As it is off-limits to a growing number of national regulators, leading trading platforms like FTX, Binance an BitMEX have moved their headquarters around the globe as ‘global nomads’ to places like Hong Kong, Malta, the Seychelles and Panama. Regulators are especially wary about the millions of non-professional retail traders that take extremely risky positions. They attract customers with 30-second sign-up, offer game-like dashboards, and give away prizes like IPhones and Teslas.


With daily transactions of tens of billions, the platforms earn “a transaction fee based on the forced sales caused when the price of the underlying cryptocurrency moves against the trader”. This happened to an estimated $20 billion during the recent crash in mid-May.

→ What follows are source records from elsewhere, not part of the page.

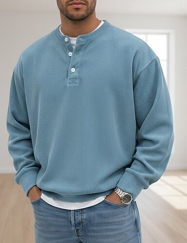 Herren Cordhemd Henley Hemd T-Shirt Langarm Einfarbig Einfach Texture Mode Designer Lässig Tasche Knöpfe Warm Henley Lässig Täglich Outdoor Sommer Herbst Winter Hellblau Dunkelrot Violett Henley
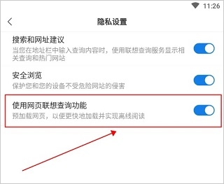 在“隐私设置”窗口里,找到并选择“使用网页联想查询功能”这一栏目。
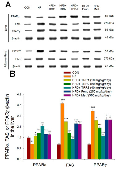 High-fat diet-fed mice reduced hepatic PPARα expressions, but increased in FAS and PPARγ expressions as compared with the CON mice (Figure 7A). The TRR1-, TRR2-, TRR3-, Feno-, or Metf-treated mice show an increase in the expression levels of PPARα, but a decrease in expressions of FAS in the liver; and TRR1-, TRR2-, or TRR3-treated mice reduced the expression levels of PPARγ as compared with the HF mice (Figure 7A,B). Expression of PPARγ and FAS in adipose tissue increased in the HF group. The TRR2-, TRR3-, Feno-, or Metf-treated mice decreased expression levels of PPARγ and FAS in adipose tissue (Figure 7A,C).
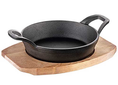Mäser 931937 Mini gjutjärnspanna med handtag på träbräda, liten gjutjärnspanna som stekpanna, grillpanna, serveringspanna, stekpannor för stekning och servering, diameter 16 cm, gjutjärn
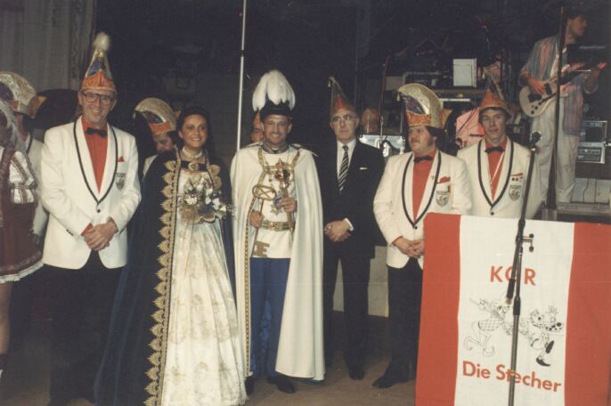 Seine Königliche Hoheit und Jubiläums-Tollität, Prinz Burkhardt I. - Max - Fürst zu Mauritiusburg, jetzt auch Maxburg genannt, Herzog aus dem uralten Adelsgeschlecht derer von Müller-Fischer, Tennisbaron und Botschafter der Lederhosen-Fürsten des Bayrischen Polter-Königs Franz-Josef dem Starken, dessen Groß-Konsul in der Pfälzischen Kolonie zwecks Einführung bajuwarischer Sprache und Gebräuche und Chef des weltweiten Imperiums Inter-Max-Schmuck und Ihre Königliche Lieblichkeit Prinzessin Hiltrud I, Fürstin zu Maxburg, Freifrau derer von Müller-Fischer zu Schuhladen, Ex-Botschafterin der Mode-Hochburg Kö 42 zu Landavia, südländische Schönheitaus dem exotischen Rathleichesheirn am Moby Dick See, Geliebte des bayrischen Großkonsuls und Chefs des Schmuckimperiums Inter-Max heißen die neuen Regenten, die im Rahmen des Krönungsball der Karnevalgesellschaft Rot-Weiß Rülzheim "Die Stecher" im Freizeithaus die Macht in der Sozialgemeinde übernahmen
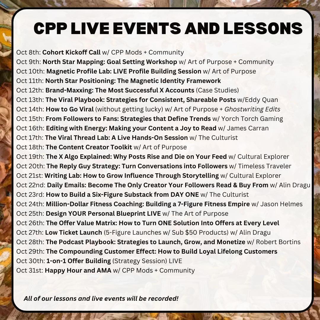 Why share this? Because the next CPP cohort just opened, which is to start October 8th. If you’re serious about growing on X, monetizing your ideas, or building something meaningful, this is the room you want to be in.
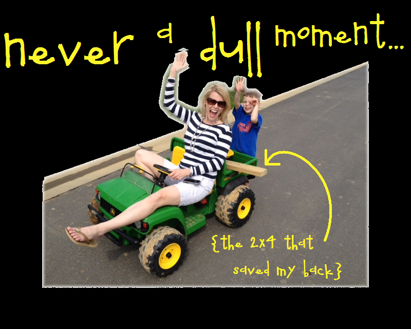 Well, he, the kids, and I were on a walk/stroll/gator/bike ride around the neighborhood when the gator battery went flat. It’s easy enough to push the gator with the gas pedal pressed, so we pressed on. But it’s not so easy on my back, bending over to push that thing. So when we passed by a construction dumpster, I plucked an obliging 2 x 4 off the top of the stack. It was a perfect handlebar as I pushed Li’l Bro in the gator; I just wedged one end in the back and pushed on the other end.
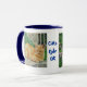 Tasse blanche avec la poignée bleu-foncé et jante, décorée de deux portraits d'un chat de gingembre, pris d'une peinture en pastel originale par Judy Adamson. Les mots (dans bleu-foncé) lisent, "OK de RÈGLE de CHATS !.
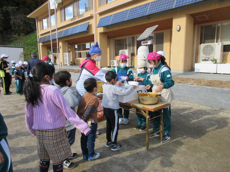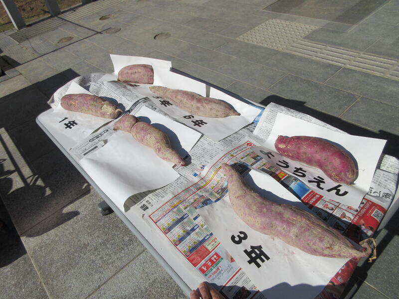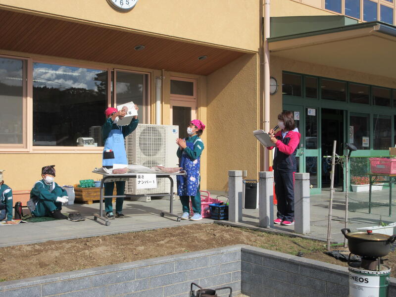 配膳の前に、始まりの会をしました。会の最初に、学年ごとに収穫したサツマイモの重さナンバー1の発表がありました。ナンバー1は、3年生の1080gでした。
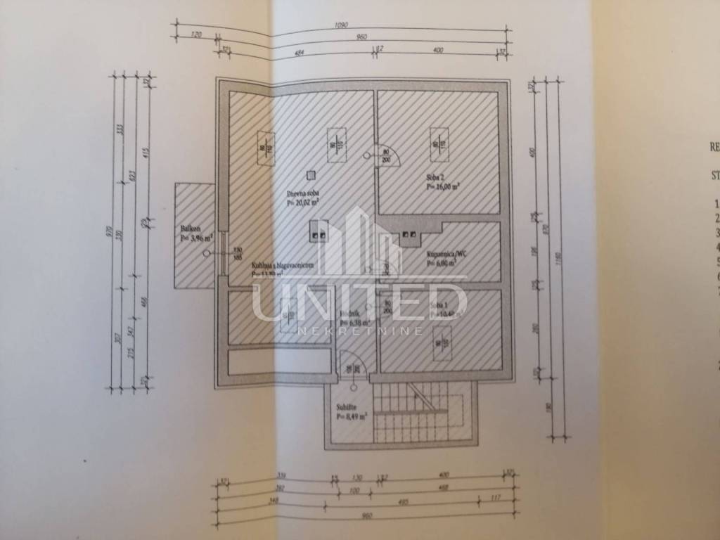 Sastoji se od: -dnevni boravak s kuhinjom i blagovaonicom -dvije spavaće sobe -kupaonica -balkon -hodnik
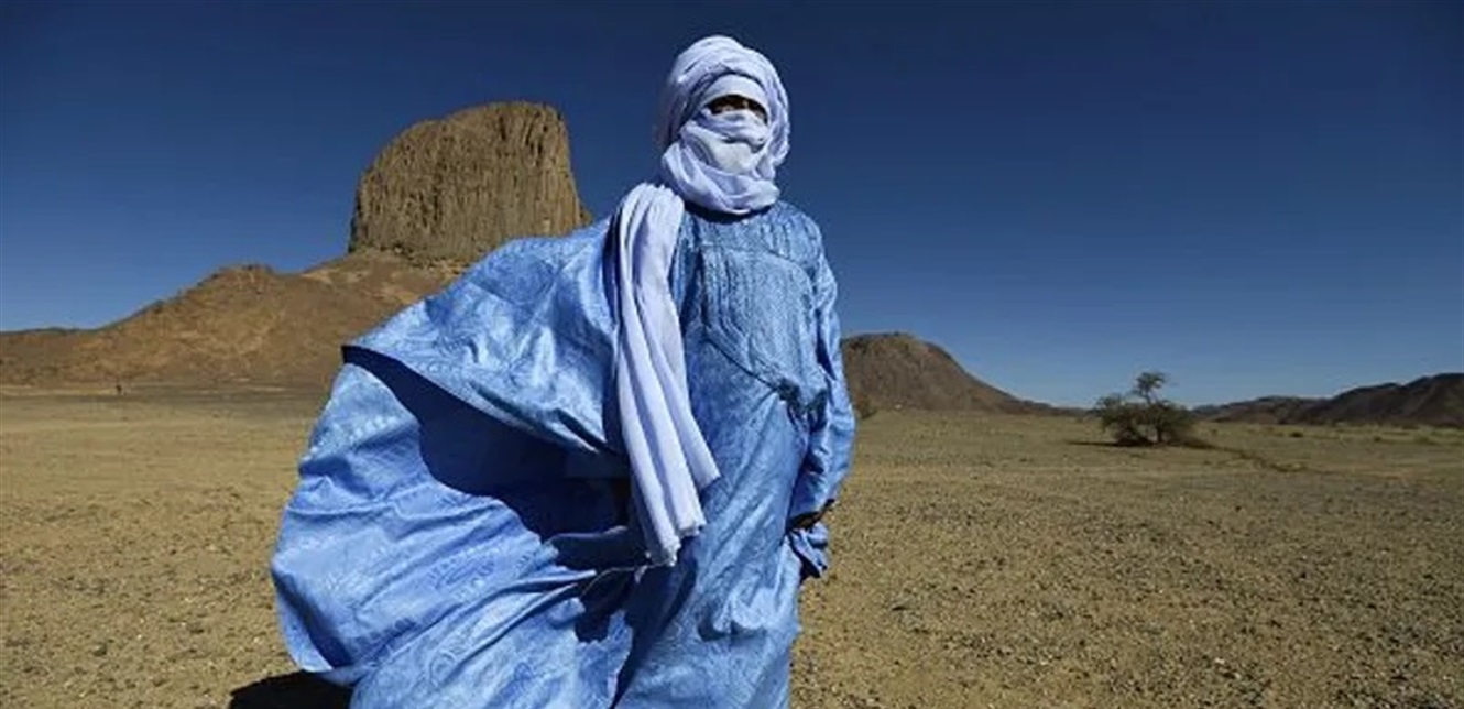 يرتدي الطوارق الذين يعيشون في الصحراء جلابيبهم الزرقاء واللثام ويجوبون أطرافها من

As one critic comments: “The math of highly volatile instruments is that the house almost always has to win”, adding that from his perspective, “these are unregistered casinos”. In addition to profiting from forced liquidations in positions, executives of the platforms “also own related companies that do algorithmic trading to instantly cash in on market distortions that occur during these sell-offs”, which they defend with the argument that “this keeps the market liquid”.


Looking at their lucrative business and earning models in the most volatile of all financial markets, it does not come as a surprise that the trading platforms are not short of cash or investors: FTX just raised $900 million last week to expand global operations, which values the company currently at $18 billion.